# Thick cabinet doors: how do they open and close?



## gatortrial (Dec 25, 2013)

So I'm thinking (loosely used) through my next project: a hanging tool cabinet. I'm taking the design mostly from FWW Pekovich's hanging tool cabinet. 

http://mcglynnonmaking.files.wordpress.com/2013/04/screen-shot-2013-04-25-at-10-14-15-pm.png

His design includes frame and panel door faces and wide sides, in other words small boxes, the insides of which allow for more storage. These doors are attached to the box sides with mortised butt hinges. 

My question is how do these doors open and close? 

Perhaps this is a stupid q, but it seems to me that when these doors are mounted and if the mount facilitates a tight fit, these doors will not open and close as the sides will wedge against each other as the doors are pulled open or pushed closed.

So, what am I missing?


----------



## GeorgeC (Jul 30, 2008)

I have one cabinet with much thicker doors than you are describing. They are 8" deep.

When I was building this cabinet I intuitively thought the same as you so left 1/4 inch spacing between the two doors. In reality that was not necessary. Take a piece of paper and draw two equal arcs so that they just touch at the center. Those arcs are the path that is taken by the inside edges of the drawers.

The arcs do not touch and neither do the doors. The inside edges swing the maximum distance. You can leave whatever spacing you life between the doors.

George

PS Or to demonstrate this to yourself physically take two 4" boards and pin then at one end so that they can swing. Have then touching in the middle when you start. This represents either the bottom or top of a 4" door swinging on a hinge.


----------



## Chamfer (Sep 6, 2014)

As long as the framing and doors are built for each other you can make as thick as a door as you want. The adjustments also have to be right (mortise and shims).

What youre talking about is a standard 'double door' set up, the workings are pretty standard.


If none of this makes sense than you probably need to read up on basic door installation.


----------



## abetrman (Mar 18, 2011)

Just watched the build video (Fine Woodworking Site) for this, and as George states, there was no mention of making any adjustments to make sure the doors would work.

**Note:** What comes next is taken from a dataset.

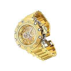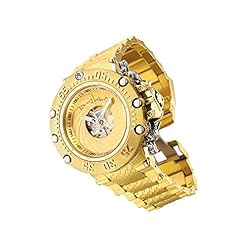 Gold and Silver dial enhanced by silver-tone hands. Two-tone (Silver-tone and Gold-tone) stainless steel case with a gold-tone stainless steel band. Quartz movement. 200 meters / 660 feet water resistance. Uni-directional Rotating bezel. Flame Fusion crystal. Solid caseback. Fold Over clasp. Screw Down crown. Case size 52 mm x 18.6 mm. Band 27.3 mm x 9 incheslong. Invicta 32950 Subaqua Watch.

He cut them to size and moved on.


----------



## Hammer1 (Aug 1, 2010)

The center point of the door opening arc is the center of the hinge pin. In this case, that is on the inside face of the thick door. You are thinking as though the hinge barrel is on the outside face, like most doors.


----------



## GeorgeC (Jul 30, 2008)

abetrman said:


> Just watched the build video (Fine Woodworking Site) for this, and as George states, there was no mention of making any adjustments to make sure the doors would work.
> 
> He cut them to size and moved on.


Correct. The thickness of the doors does not matter.

George

PS Because the doors were going to be heavy I used piano hinge. However, the style of hinge also does not matter as long as the hinge point is on the inner portion.


----------



## igster (Oct 31, 2013)

One key thing is the hinge plate...make sure it is facing the right way so that the two halves close completely together towards the back, with the hinge pin in front- this is the door open position. when the door is closed, the hinges are wide open like a book laid out flat. that pic 'splains it pretty good


----------



## gatortrial (Dec 25, 2013)

Gentlemen, thank you very much for your thoughtful replies! Be a while till i get the stage of fitting the doors, but it definitely puts my mind at rest as a f&*%k up at that point would be pretty unfortunate!


----------